- [What to do]: The answer must consist only of the lines in the records below from the line with "そら組さんは、平均台を渡りトンネルをくぐり、カードをめくります。" to the line with "Lustra LED 6", both included, copied word for word with every picture left out.
---------- Information supplied ----------
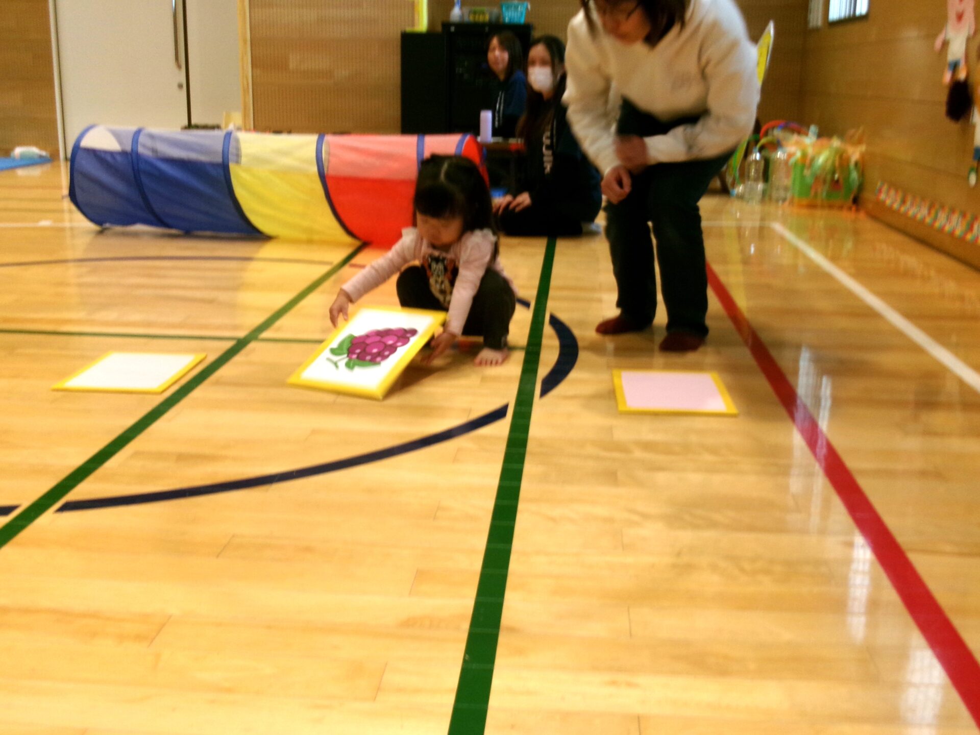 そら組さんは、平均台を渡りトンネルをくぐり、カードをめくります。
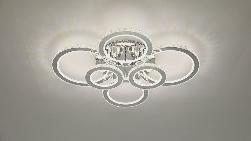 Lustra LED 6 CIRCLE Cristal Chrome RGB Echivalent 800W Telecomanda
----------
---------- Information supplied ----------
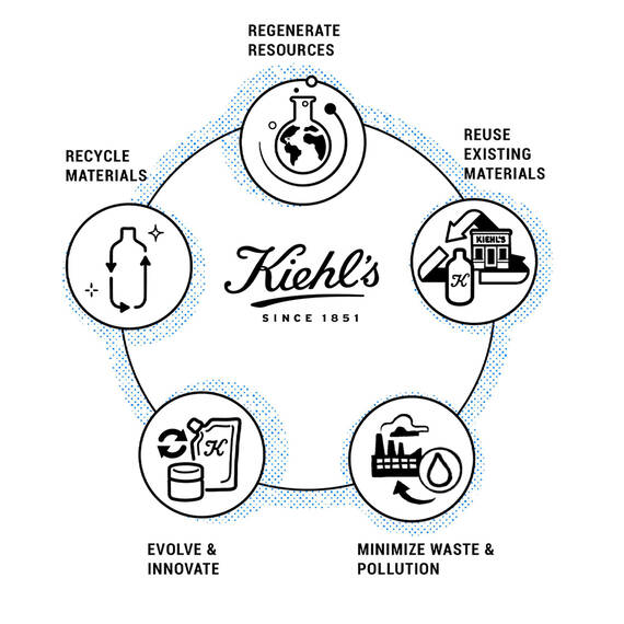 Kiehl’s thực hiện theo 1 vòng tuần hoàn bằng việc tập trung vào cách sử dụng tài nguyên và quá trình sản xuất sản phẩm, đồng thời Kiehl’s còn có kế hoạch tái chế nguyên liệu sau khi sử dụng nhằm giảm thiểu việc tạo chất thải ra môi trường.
----------
---------- Information supplied ----------
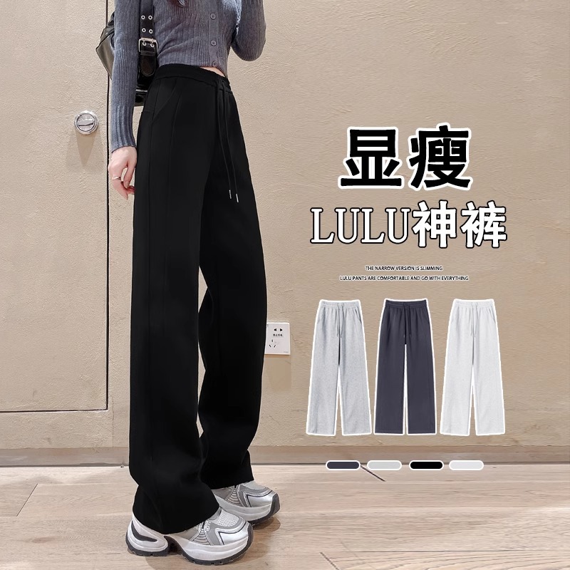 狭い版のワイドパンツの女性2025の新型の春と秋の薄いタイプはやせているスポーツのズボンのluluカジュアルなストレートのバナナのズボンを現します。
----------
- [Solution for this task]:
 そら組さんは、平均台を渡りトンネルをくぐり、カードをめくります。
 Lustra LED 6 CIRCLE Cristal Chrome RGB Echivalent 800W Telecomanda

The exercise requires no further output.